If anything, ARC is more important for libraries than application code, for precisely this reason. ARC explicitly defines ownership (strong, weak, unsafe_unretained) for consumers of a library interface. Things like delegates become weak references and so this is both explicit in the API (the AppKit component does not own the delegate) and less error prone (the reference becomes nil if the object is deallocated).

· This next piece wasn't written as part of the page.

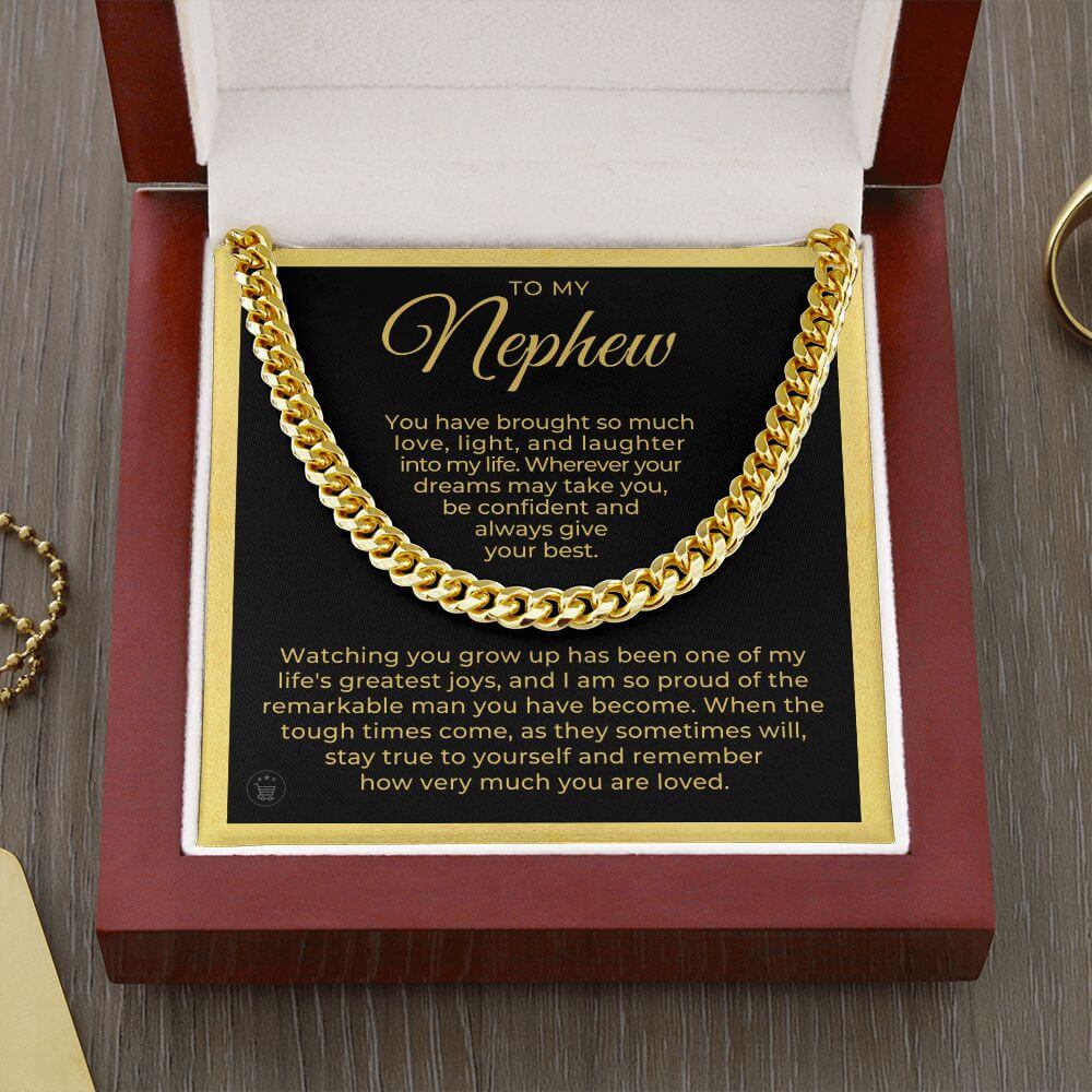 Surprise your nephew with a timeless and stylish Cuban Link Chain - a perfect gift for your nephew! Our Cuban link necklace is available in polished stainless steel and in a 14k yellow gold over stainless steel finish. The Cuban link chain has an adjustable chain that measures 18" - 22" and fastens with a parrot clasp to keep it secure. This beautiful necklace is also one of the best unique birthday gift ideas because it comes in a luxury wooden gift box that features a LED light with a sweet, heartfelt message that will surely make your nephew feel loved and appreciated!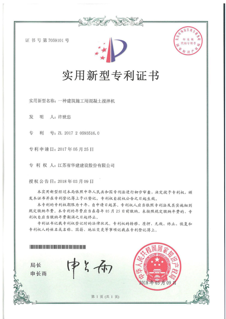 深圳分公司《一種水泵出水管彎頭隔振支架》(專利號:ZL201720811226.9)、《一種能起吊鋼管的機械抓手》(專利號:ZL201720811227.3)、《一種能起吊H型鋼、工字鋼的機械抓手》(專利號:ZL 201720811229.2)、《一種方便卸載的勁性鋼梁支座》(專利號:ZL201720811733.2),珠海分公司《一種剪力墻嵌墻設備安裝預留模具》(專利號:ZL201721459344.4),北京分公司《一種用于房屋建筑施工的懸挑腳手架》(專利號:ZL201720726072.3),上海分公司《一種建筑板材角磨機》(專利號:ZL201720592798.2  )、《一種建筑施工用鋼筋切斷機》(專利號:ZL201720593659.1  )、《一種建筑施工用混凝土攪拌機》(專利號:ZL201720593516.0  )獲得實用新型專利授權。

When Apple moved their Foundation and AppKit implementations to ARC, they reported that they had less source code, smaller binaries, faster code, and fewer bugs. The compiler does a lot of the reference-count-elision things for you and it's easier to define APIs that return strong references and don't leak, so you can significantly reduce autorelease pool pressure.

Many years ago, I ran the -base and -gui code through the ARC Migration Tool (built into clang). I think about half of the code worked with ARC already, a lot of the files needed some small tweaks. The migration tool pointed out all of the places where it couldn't do the automatic translation.

ARC also makes it a lot easier to interop with C++. C++ containers can store Objective-C object pointers in ARC mode and will treat the retain / release calls as copy constructors and destructors. WinObjC made heavy use of this and the last time I tried it replacing `NSMutableDictionary` with a thin wrapper around `std::unordered_map<id>` (with a hash function defined to call `-hash` and the equality function defined to call `-isEqual:`) it was faster than GNUstep's implementation in my tests. I didn't try the same thing with `NSMutableArray` and `std::vector<id>`. I'm told that Apple's implementations do this: implement the containers in C++, wrap them in Objective-C (and there are a lot of high-performance C++ containers with friendly licenses that we could use if the standard library ones aren't adequate).

This was a big part of the reason that I gave up contributing to GNUstep. I could write significantly simpler code that ran faster using Objective-C++ and ARC than I could without either and GNUstep would not accept the less-buggy and faster option. Refactoring code to make it less maintainable so that it could compile with an old compiler and spending time finding bugs that are impossible by construction with ARC felt like a complete waste of my time.

Given that Apple is now focused on SwiftUI, GNUstep is so far behind things like GTK and Qt in completeness, and the license is not one that I'd choose to use given any alternative, I don't imagine that I'd start contributing again even if GNUstep adopted Objective-C++ and ARC, but at least the remaining contributors would be able to achieve more with the same amount of effort.